Powerscourt felt he was on the verge of losing his temper.

‘Look here, Mr Connolly, I presume you want to get your pictures back. Suppose the thief sells them in Dublin or they are carried over to one of the big London firms. The proprietors know
that six male Connolly ancestors have gone missing and a couple of Old Masters. I have made it my business to see that they are so informed. If one of your ancestors were to appear, how in
God’s name are they going to know that he is a Connolly? He could be an Audley or a Fitzgibbon or a Talbot or anybody at all in Christendom.

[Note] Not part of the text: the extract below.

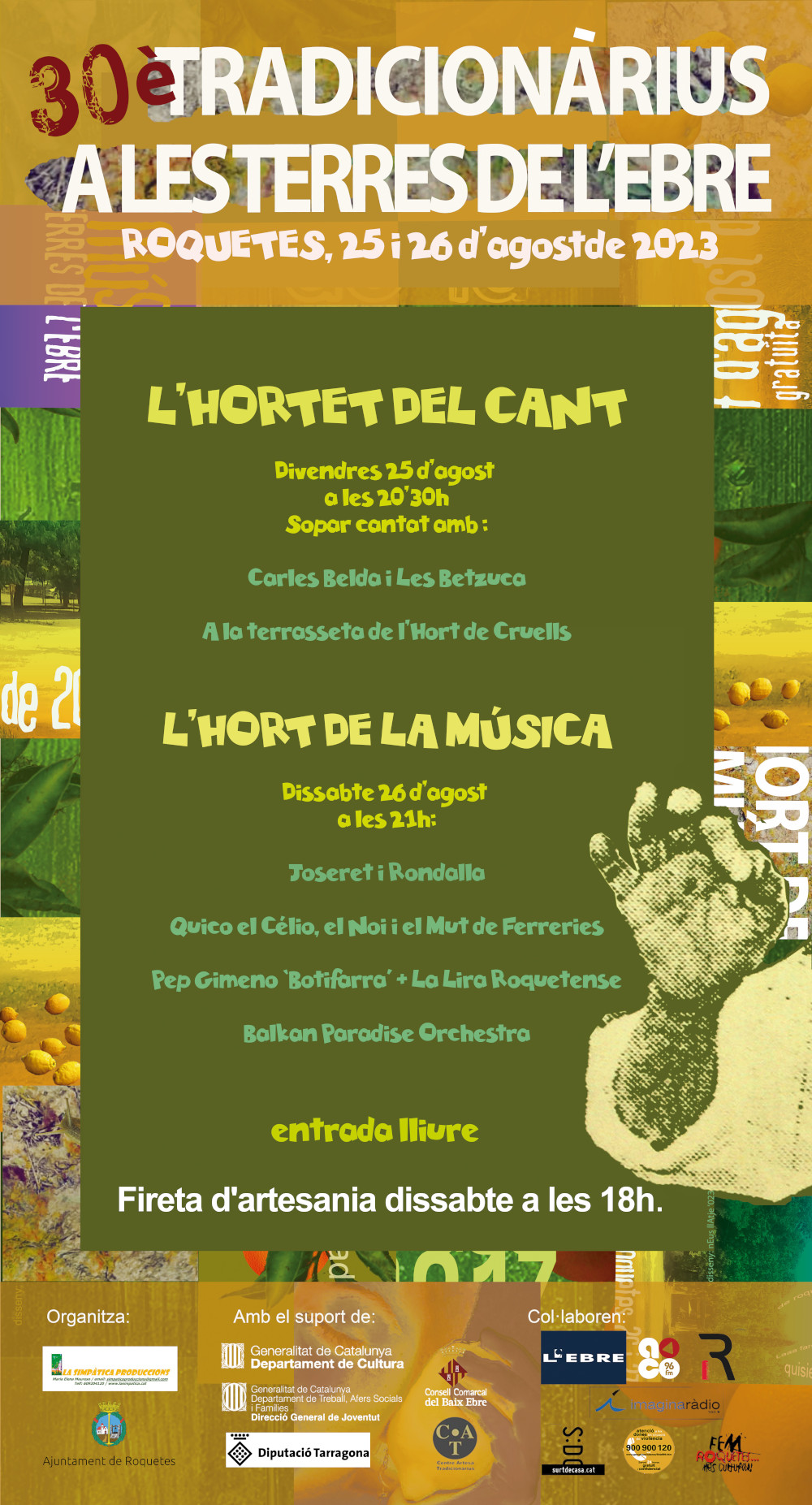 30è Tradicionàrius a les Terres de l’Ebre El pròxim 25 i 26 d’agost es durà a terme a l’Hort de Cruells el 30è Tradicionàrius a les Terres de l’Ebre. Us esperem! Data 25 - 26 ag. 2023 Caducat! Hora Activitat de tot el dia Localització Hort de Cruells Hort de Cruells Categoria Agenda
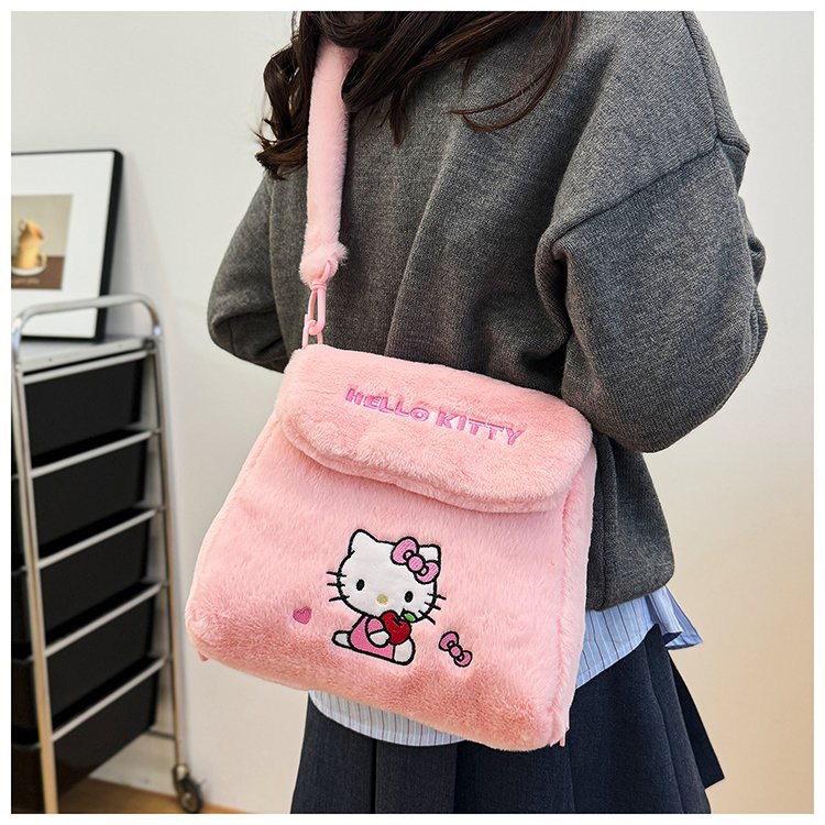 高颜值可爱毛绒包包韩系新款卡通猫咪单肩包大容量休闲通勤斜挎包

Without descriptions the whole attempt to recover
them is a waste of time.’

Connolly looked at him very coldly. ‘I do not believe the pictures will ever be recovered. The villains will destroy them. Soon they will come back here for more, whether for more pictures
or for the people who live here, I do not know. Our time has come, Lord Powerscourt, and all that is left to us is to face it with the courage of our race. I have asked for police protection and
the sergeant laughed in my face. All this talk of descriptions of pictures is futile, fiddling while Rome burns.’ Connolly was working up a fine head of steam. His wild talk sounded even
stranger in such elegant surroundings, the marble fireplace, the intricate plasterwork on the ceiling, the distant whisper of the river through the open windows.